_Exercise details_:
Exact copy, no pictures: output each line below as it stands.

_Data section_:

******

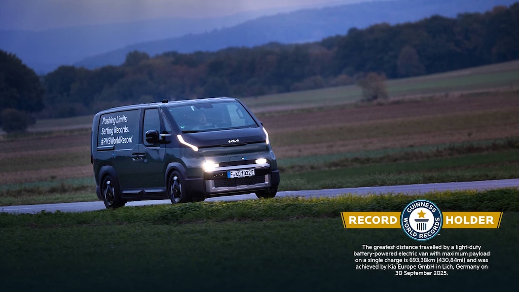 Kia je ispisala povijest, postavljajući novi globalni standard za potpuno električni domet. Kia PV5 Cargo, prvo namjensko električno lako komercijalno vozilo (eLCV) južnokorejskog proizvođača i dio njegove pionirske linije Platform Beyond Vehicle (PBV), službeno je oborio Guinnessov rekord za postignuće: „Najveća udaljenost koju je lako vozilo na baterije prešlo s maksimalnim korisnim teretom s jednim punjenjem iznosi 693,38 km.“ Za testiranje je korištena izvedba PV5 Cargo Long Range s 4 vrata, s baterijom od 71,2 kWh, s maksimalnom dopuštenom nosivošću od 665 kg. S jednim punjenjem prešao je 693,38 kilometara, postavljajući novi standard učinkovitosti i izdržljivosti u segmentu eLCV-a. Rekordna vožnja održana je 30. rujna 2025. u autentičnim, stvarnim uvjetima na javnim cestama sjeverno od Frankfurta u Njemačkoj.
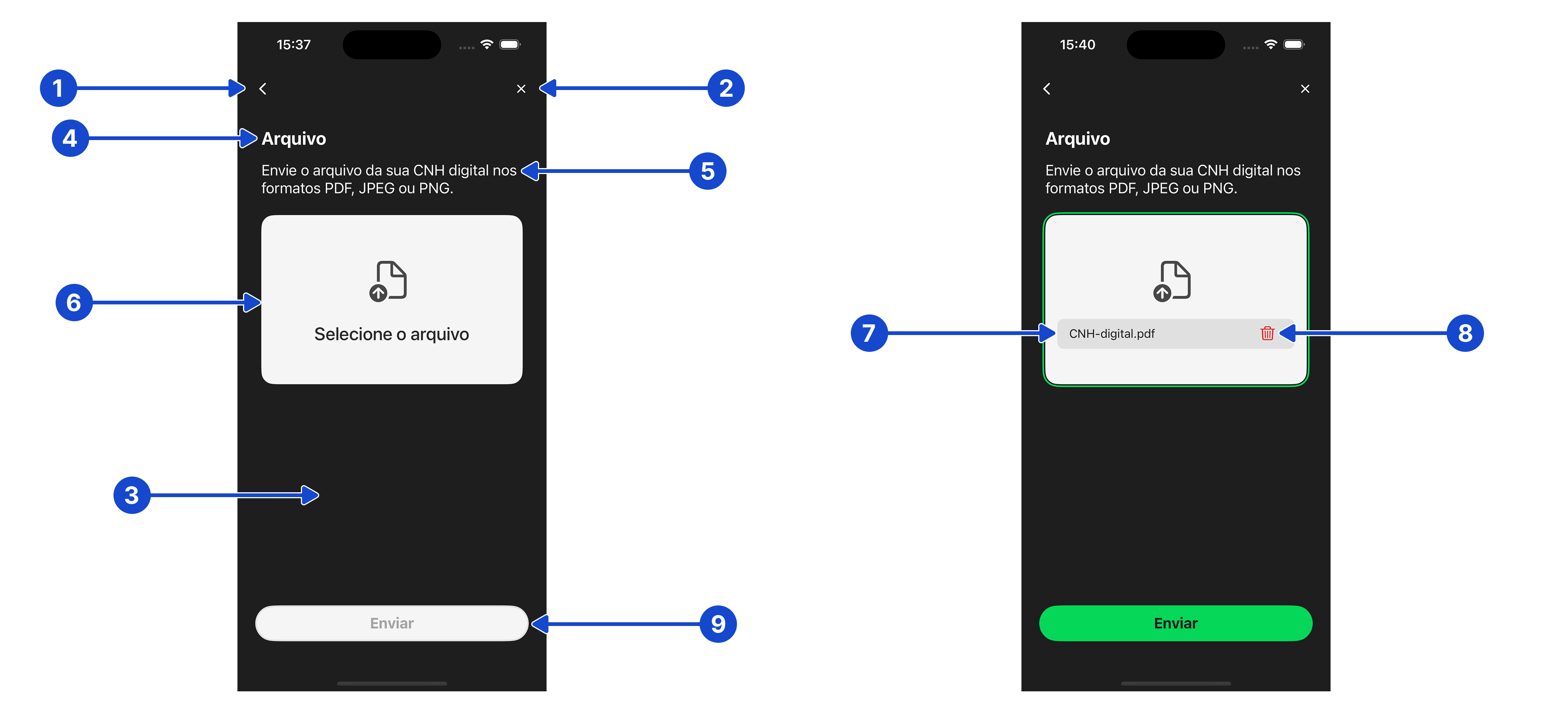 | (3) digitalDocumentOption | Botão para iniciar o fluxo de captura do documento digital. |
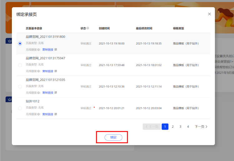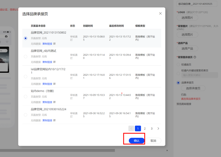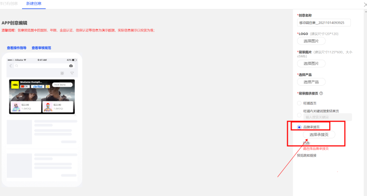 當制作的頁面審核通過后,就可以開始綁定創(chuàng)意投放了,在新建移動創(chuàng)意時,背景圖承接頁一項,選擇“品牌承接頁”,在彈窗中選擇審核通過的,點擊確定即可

******

_Output for this task_:
 Kia je ispisala povijest, postavljajući novi globalni standard za potpuno električni domet. Kia PV5 Cargo, prvo namjensko električno lako komercijalno vozilo (eLCV) južnokorejskog proizvođača i dio njegove pionirske linije Platform Beyond Vehicle (PBV), službeno je oborio Guinnessov rekord za postignuće: „Najveća udaljenost koju je lako vozilo na baterije prešlo s maksimalnim korisnim teretom s jednim punjenjem iznosi 693,38 km.“ Za testiranje je korištena izvedba PV5 Cargo Long Range s 4 vrata, s baterijom od 71,2 kWh, s maksimalnom dopuštenom nosivošću od 665 kg. S jednim punjenjem prešao je 693,38 kilometara, postavljajući novi standard učinkovitosti i izdržljivosti u segmentu eLCV-a. Rekordna vožnja održana je 30. rujna 2025. u autentičnim, stvarnim uvjetima na javnim cestama sjeverno od Frankfurta u Njemačkoj.
 | (3) digitalDocumentOption | Botão para iniciar o fluxo de captura do documento digital. |
 當制作的頁面審核通過后,就可以開始綁定創(chuàng)意投放了,在新建移動創(chuàng)意時,背景圖承接頁一項,選擇“品牌承接頁”,在彈窗中選擇審核通過的,點擊確定即可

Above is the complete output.